When I would snuggle up to him, he would wrap his arm around me and pull me in until my breast was firmly pushing up against his arm and chest. This only caused me to become even more turned on than I was pretending not to be. His touch was exhilarating, and I began to long for it when we weren't on the couch.
I've always been touchy, feely with lots of hugging and back rubs and that sort of thing, but now we had taken that to another level. I would constantly wrap my arms around him until he would hold me tightly against his muscular frame. It was becoming common for either of us to rest a hand on the other if we were close to one another. Usually, he would slip his arm around my waist and rest his hand just under my breast or I would run both hands over his chest and wait for him to pull me in for a close hug. Our bodies would be so close that even our knees would touch. I simply couldn't get enough of him.
You have to love the internet. If you have an idea about anything, all you need to do is search online to find out things you never imagined. One day while my son was busy doing online classes I had the idea to search for "what could I do to bring about a stronger feeling of nurturing for my child?" The list included supporting, touching, setting boundaries, communicating etc. I felt like I was doing all those things, so I kept searching for something I wasn't doing, until I found an article that piqued my interest.

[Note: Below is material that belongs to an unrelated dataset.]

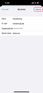10. Indtast oplysningerne for “Server til indgående post” og “Server til udgående post”.

The article was titled "How to Foster a Nurturing ABF Relationship". What is ABF? Well, that question was answered in the first few sentences. ABF stands for adult breastfeeding relationship. According to the article, the connection between partners becomes very strong. I immediately thought back to when I had breastfed my son and how I felt every time he would latch onto my nipple. A calm peace would come over me that was indescribable. Euphoria comes to mind, as well as a deep bonding. Now that some time has passed, I can remember fondly, feeling very sexually charged and occasionally having small orgasms from the over stimulation of my breasts. Mm I miss those days.

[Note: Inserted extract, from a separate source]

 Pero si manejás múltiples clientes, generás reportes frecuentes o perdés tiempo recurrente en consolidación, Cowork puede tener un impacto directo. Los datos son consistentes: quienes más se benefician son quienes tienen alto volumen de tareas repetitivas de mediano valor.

How could I get that back with my son? Would he even want to do something like that? Where do I even begin? Once again, I went down the rabbit hole of the internet looking for answers. In no time at all I had read a few articles about re lactating. Apparently, since I had done it before it was supposed to be easier. There is a mountain of info out there and it didn't take me long to figure out the next step.
I needed a reason to explain to my son why I was going to start this milky journey. I had to think about it for a couple of days before it hit me. With the pandemic in full force, milk banks were not getting enough donations to keep up with demand. Some women have a difficult time producing milk and the milk banks are there to help with that issue.
It was perfect. With a good plan laid out in my head, I got online and purchased a breast pump, nursing bras and some domperidone to help things move faster. I was so excited; I didn't want to wait any longer than I had to. Now how to bring the subject up to my son? I decided that our special snuggle time was the best place to do it, so I waited until that evening to broach the subject.
We had been on the couch for about a half an hour when I rolled myself over so that I was looking up at him with my head firmly in his lap. I could literally feel the pulse in his cock it was so hard. I started with "there's something I want to talk with you about". I then proceeded to tell him about the poor mothers that couldn't feed their babies and how that really pulled at my heart strings. I told him about how much I loved breastfeeding him and how much it meant to me and how I believed that I could help.